The mortgage crisis was a bubble, fueled by the absurd boosterism of people like Allan Greenspan, who should have known better, and by speculators who derived huge profits from exploiting unsustainable market conditions, the true nature of which had been obscured by the securitization of all that problem debt and the criminal negligence of co-conspirator bond rating agencies that seem to have granted AAA status to said securities by tossing chicken bones up in the air and seeing how they arranged themselves when they fell. There's nothing in the CRA that demanded the Fed Chairman extol the virtues of variable rate, reverse amortization, pick and pay, balooon rate mortgages. There's nothing in the CRA that demanded investment firms turn those mortgages into investment vehicles. There's nothing in the CRA that demanded mortgage lending agencies offer loans to un-creditworthy buyers that featured low teaser rates, which in some cases actually added to the principal, and which inevitably adjusted to unsustainable levels some five years down the line.

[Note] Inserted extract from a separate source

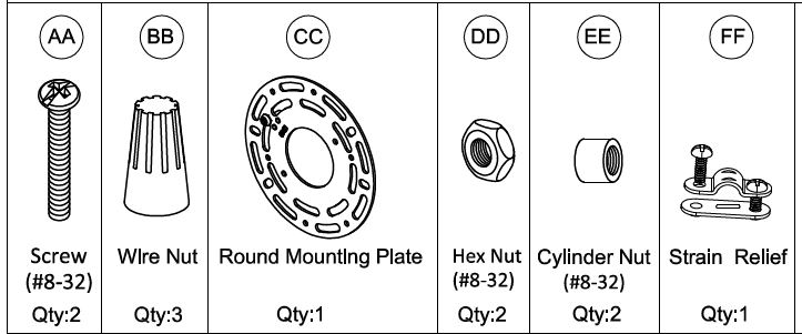 Lift up the fixture and pass the screws (AA) through the two mounting hole in the fixture canopy. While holding the fixture with one hand, thread the screws (AA) in or out of the round mounting plate (CC) until 3/16″ of threads are showing. That should be enough to mount the fixture as instructed in step 5.

What the CRA does, however, is offer a convenient scapegoat to Republican politicians who have never given up on the "Southern" strategy of race-baiting and the stoking of white resentment that has served them so well in the past. Blame the negroes and the bleeding heart Yankees who love them. Hey, it's worked so far.

5 comments:

Anonymous said...

Joe Scarborough didpleases me too. He is a bait and switch master. He'll prauise Pres. Obama on one side of his mouth (dishonestly, to show his faux independence from the birthers, Tea Party fanatics and right wing Republican base in Congress)and them slams him as this elitist, non-businessman, right wing Marxist minutes later!
He touts the Republican line and promotes Conservatism to a sickening level of partisanship politics. Then, suddenly, he slams the Dems and GOP for being too partisan! Oh, boy. My favorite is when he slams Pres. Obama for being thin skinned to criticism and the moment Mika, Mike or another invited guest disagrees with his blather, he screams and cuts them off, unwilling to heed to any reasonable position that legitimately challenges his views. He uses phrases that begin with "When I was in Congress...when the peeople voted for me....when I challenged the Republicans...when I received over 67% of the vote from FL"...etc. Yet, he rails against Obama when he uses the "I" word. How hypocryphal of Mr. Scarborough.
He's an ass.

Anonymous said...

Ugh. I absolutely despise Morning Joe. Blah blah blah blah blah blah blah ad nauseum. My roommate listens to that garbage, mostly as background noise while he does other things and it drives me absolutely bonkers. I've never heard people so enchanted by the sound of their own annoying voices. I want to seriously paintball his monitor sometimes.

Patriot's Quill said...

Since I wrote this post 3 years ago I've fond the perfect soution to my problem: I now go to work at 5:20 AM... taaaa daaaa! No Morning Joe! LOL!

Anonymous said...

Sometimes I just want to scream "it's not ALL ABOUT YOU, JOE. HIs incessant use of "I", "ME" "MY" is further evidence of his arrogance. He is disrespectful, annoying and obnoxious.

Anonymous said...

i can't stand that guy, or his friend Willy. Mika's eye-rolling and snide, offended demeanor when she doesn't like a guest not paying homage to The Theme of the day is obtuse. Did anyone catch her covering the british wedding? Low-lifey! Are we jealous Mikka, of classier, more informed women with lesser incomes who can speak their own minds without glancing at a man?